↓

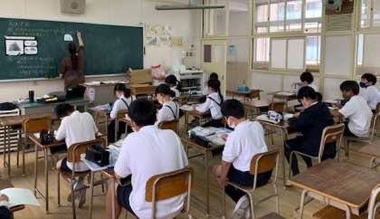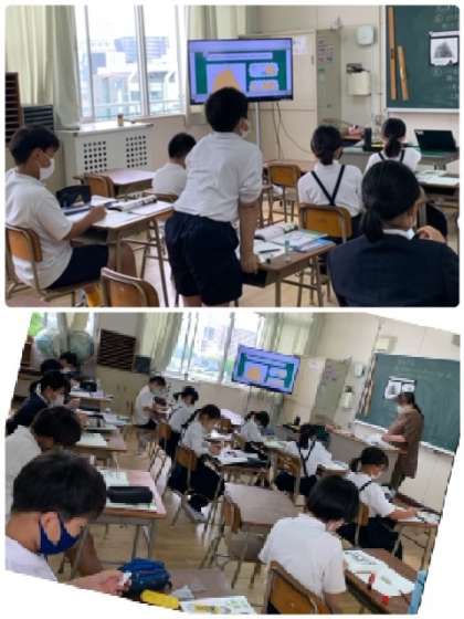 高学年ルームで学習するメンバーも、同じ問題に取り組んでいます。三角形の3つの角の和が180度になることを使えばどうだろう・・・と考えつきました。
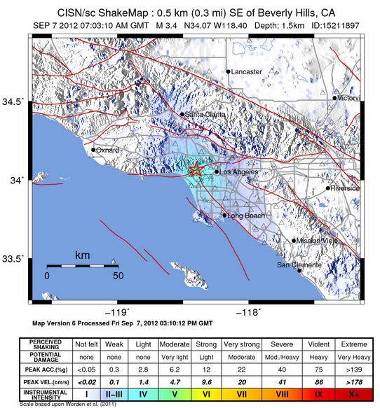 Wenige Tage vorher, nämlich am 3. September 2012, hatte sich bereits ein Erdbeben (Stärke 3,3) in Los Angeles ereignet.
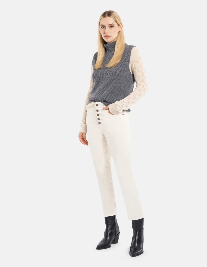 Slim-fit crew-neck jumper in openwork wool
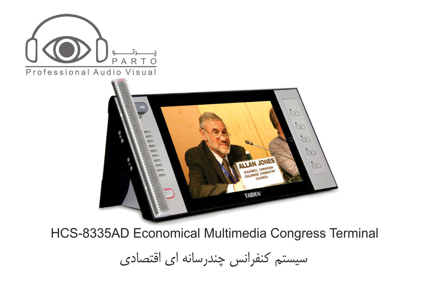 مدل HCS-8335AD …………واحد شرکت کننده ، میکروفن Array ، میکروفن Array ، صفحه نمایش LCD 10 اینچی با رزولوشن ۱۲۸۰ X 800 ، دارای امکان سخنرانی و رای گیری ، دارای ۶۴CHs X 2 ، نمایش ویدئو HD ، دارای IC-Card خوان توکار ، پانل نقره ای خاکستری + پایه مشکی
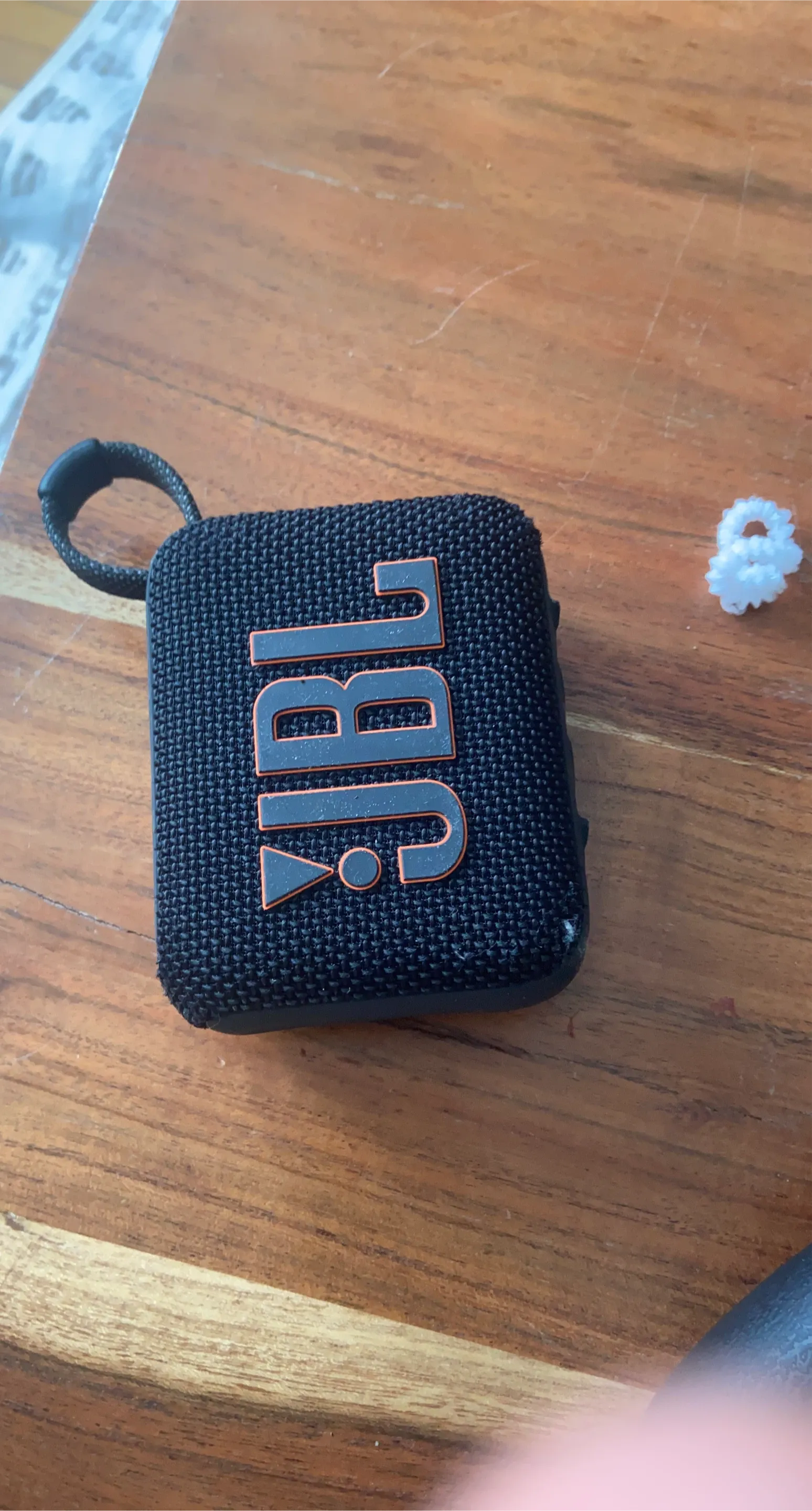 This is a black JBL Go 3 portable speaker with orange accents. It's waterproof and dustproof, making it great for outdoor use. It offers rich sound and a compact design, perfect for taking your tunes anywhere!

↑

_Exercise brief:_ Leaving the images out, retype all the material above exactly.

_Written answer:_
 高学年ルームで学習するメンバーも、同じ問題に取り組んでいます。三角形の3つの角の和が180度になることを使えばどうだろう・・・と考えつきました。
 Wenige Tage vorher, nämlich am 3. September 2012, hatte sich bereits ein Erdbeben (Stärke 3,3) in Los Angeles ereignet.
 Slim-fit crew-neck jumper in openwork wool
 مدل HCS-8335AD …………واحد شرکت کننده ، میکروفن Array ، میکروفن Array ، صفحه نمایش LCD 10 اینچی با رزولوشن ۱۲۸۰ X 800 ، دارای امکان سخنرانی و رای گیری ، دارای ۶۴CHs X 2 ، نمایش ویدئو HD ، دارای IC-Card خوان توکار ، پانل نقره ای خاکستری + پایه مشکی
 This is a black JBL Go 3 portable speaker with orange accents. It's waterproof and dustproof, making it great for outdoor use. It offers rich sound and a compact design, perfect for taking your tunes anywhere!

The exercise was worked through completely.